I bet you can guess which book inspired me to draw this.
This is Emily Writes Back, for brilliant people, by Emily Sanders Hopkins.
As you may have noticed, gentle reader, I have fallen short of my intent to send you daily or nearly daily poems and stories. But today marks exactly one month before the big swim, Women Swimmin’ for Hospicare, which has so far raised $203,346 toward its $600,000 goal, and so I recommit to stepping on the gas and sending you little ditties and delights every day, to inspire giving to my fundraising campaign for Hospicare as part of Women Swimmin’.

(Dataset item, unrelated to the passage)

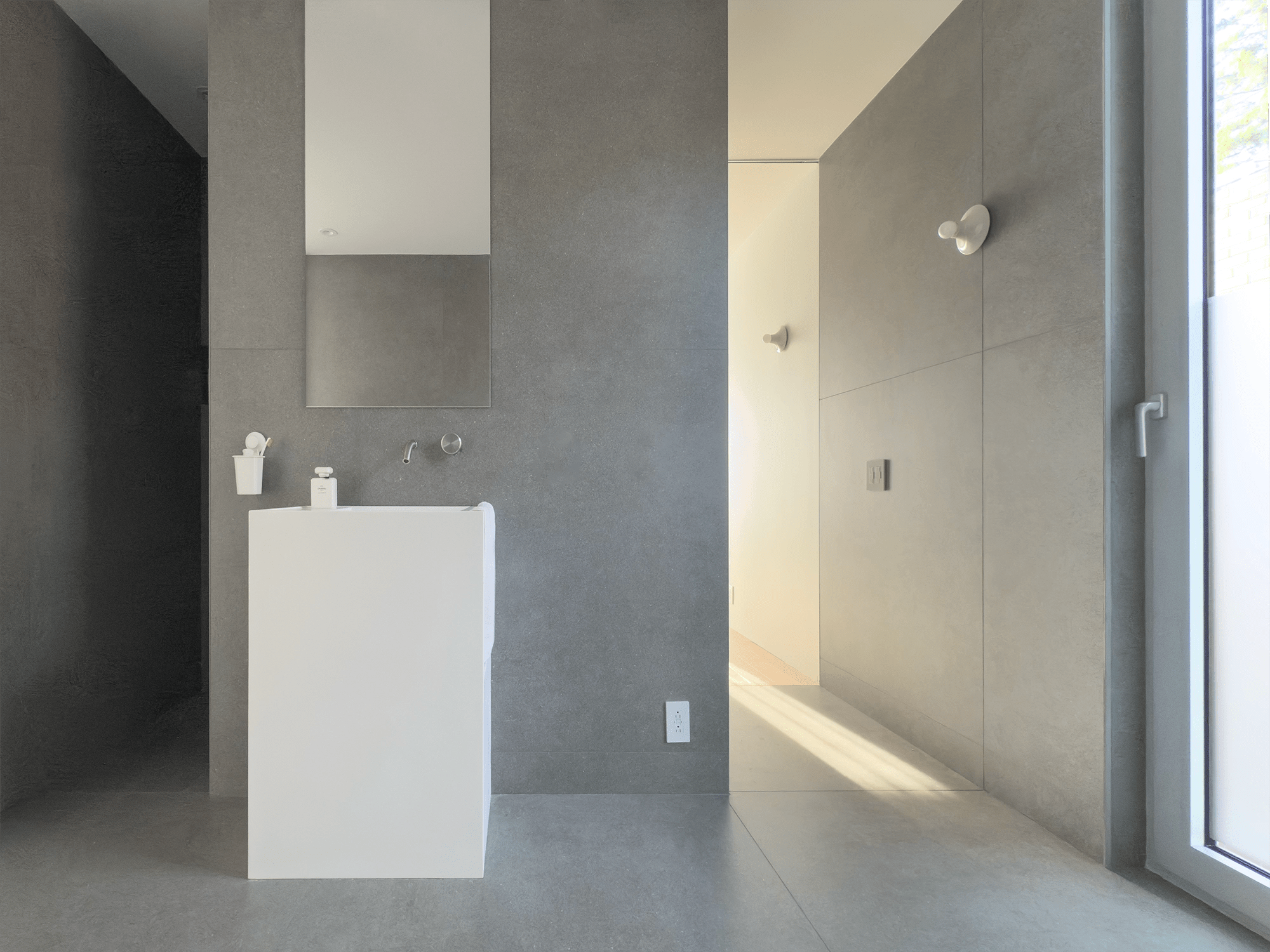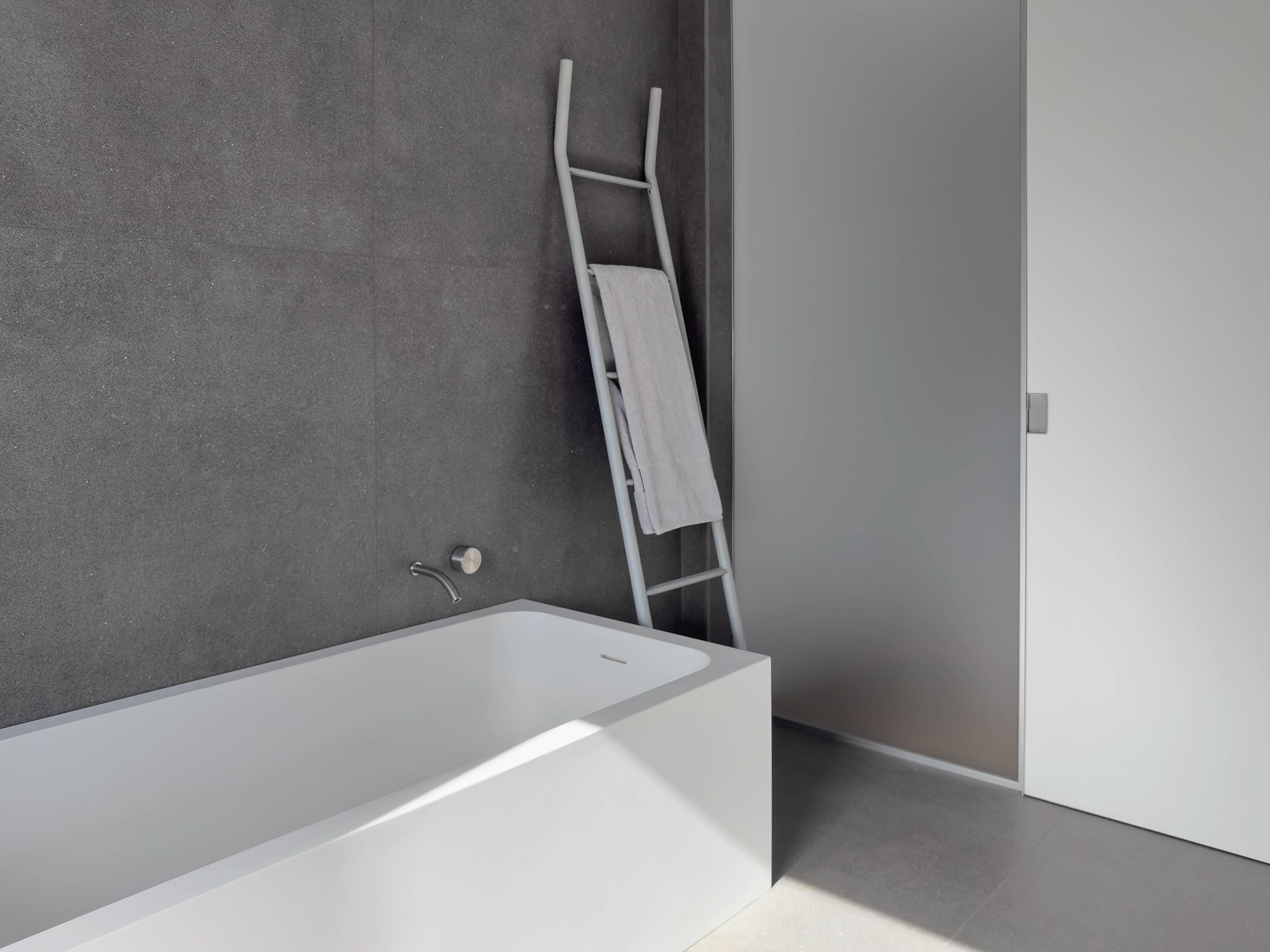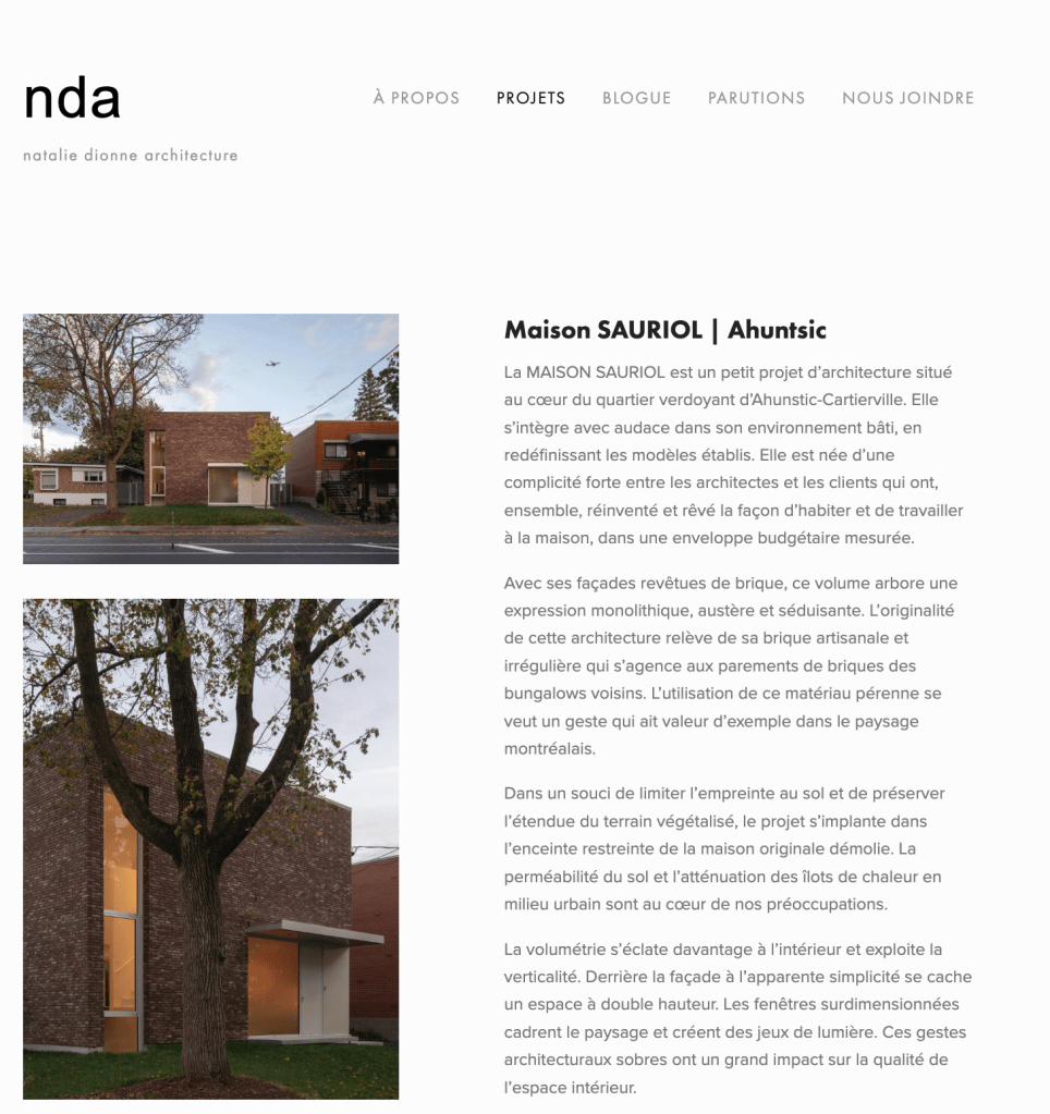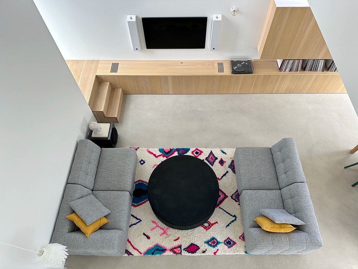 « La volumétrie s’éclate davantage à l’intérieur et exploite la verticalité. Derrière la façade à l’apparente simplicité se cache un espace à double hauteur. Les fenêtres surdimensionnées cadrent le paysage et créent des jeux de lumière. Ces gestes architecturaux sobres ont un grand impact sur la qualité de l’espace intérieur. »

OK, here’s a poem I wrote this morning about my very acute hankering for a certain kind of book:
Our Books For Lizzie and Amy A curling stem of purest black beneath a deep red burst of care/ reason/smarts/perfume, against the palest blue-- her strands of hair, the sky, the road that leads us there, starting on page one. Mean what? Surety, style, a metaphor, an emblem logo of imagination, branded into memory, a place to writhe in comfort and anticipation. There are places in the mind built from storybooks: underground rabbit kingdoms, remote Canadian islands covered in flowering trees, mansions with overgrown gardens behind a wall, or insides of attics when a storm's outside, the father in a far dimension, roaring rain and wind against the house. Long dark halls and multiple crazy wives hidden away behind closed doors. (Why are hidden women gone insane such a cozy thought?) Boarding schools as familiar as McDonald's ho hum talking portraits... so perfect it's downright tacky. The Silver side of slender leaves, a river boat, and species of animals that follow wherever you go-- daemons-- and in day, that meadow hill we lie on still in our head on our backs, looking at the sky where characters see more in clouds than we could mange to see ourselves. I want to travel back to a Bronte/du Maurier/L'Engle place or a Richard Russo town, with a McMurtry kind of gal who snaps her gum or has peacocks in her yard and says no like "Nah." Make the plains stretch forever, and the house's clapboard bright in sun. Chapped cheeks and snow that crunches, a girl prettier than almost anyone, and a house that's haunted by a tender ghost who only wants what's best. Put me in a ship on a rolling sea with a captain hero who gazes far or a Swedish stowaway aimed to build a life in an America that's good. In the books of my adolescence, parents were tanned and distracted. Little brothers were pains or sages. Teachers were dying of cancer secretly or owned a forest cabin. What else am I forgetting?